Looking ahead, Jakarta is shifting its inflation strategy from reactive crisis management to long-term capacity building and food security. The underlying philosophy is clear: supply-side shocks must be prevented before they show up in market prices.

This paradigm shift has profound implications for the rest of developing Asia. Many regional economies share common vulnerabilities: heavy reliance on energy imports, acute exposure to climate-induced agricultural shocks, and logistical bottlenecks.

Under these conditions, reliance on interest rates as the sole remedy risks causing severe economic pain without curing the underlying disease.

While institutional structures such as TPIP and TPID cannot be blindly copied, the underlying principle is a universal lesson for the region: when supply disruptions dominate the economic landscape, interagency coordination is as vital as monetary policy.

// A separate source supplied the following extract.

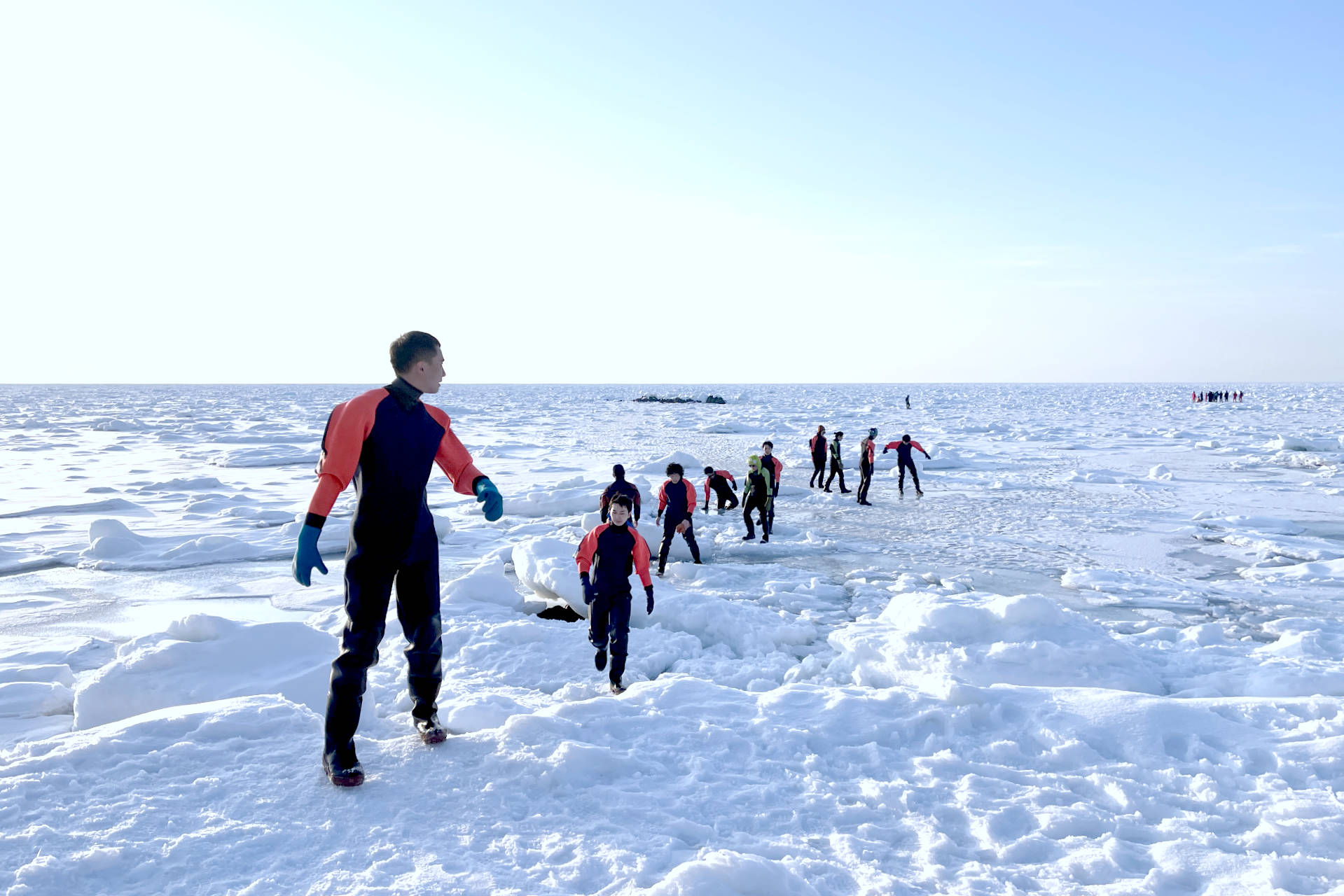 在這樣的知床海岸,我們可以體驗到特殊的流冰漫步活動,穿上由當地業者提供的專用防寒衣,並讓當地的資深嚮導帶領踏上流冰,甚至是跳破流冰,一起體驗北海道獨特的冬季風物詩吧。

In an era defined by trade fragmentation, geopolitical instability and climate crises, inflation control can no longer be judged strictly by a central bank’s ability to manipulate interest rates.

Success now depends on a country’s capacity to orchestrate monetary, fiscal, agricultural and logistics policies into a unified front. The future of price stability lies beyond simple inflation targeting; requires inflationary governance.

Rabiul Misa is a junior analyst at Bank Indonesia. His work focuses on monetary economics, payment systems, financial inclusion, MSME development and public policy. His commentary has appeared in Kompas.id, Kompas.com, Tribun News, ANTARA News and Kumparan, covering topics including monetary policy, cross-border payments, digital finance, MSME development and regional economic development.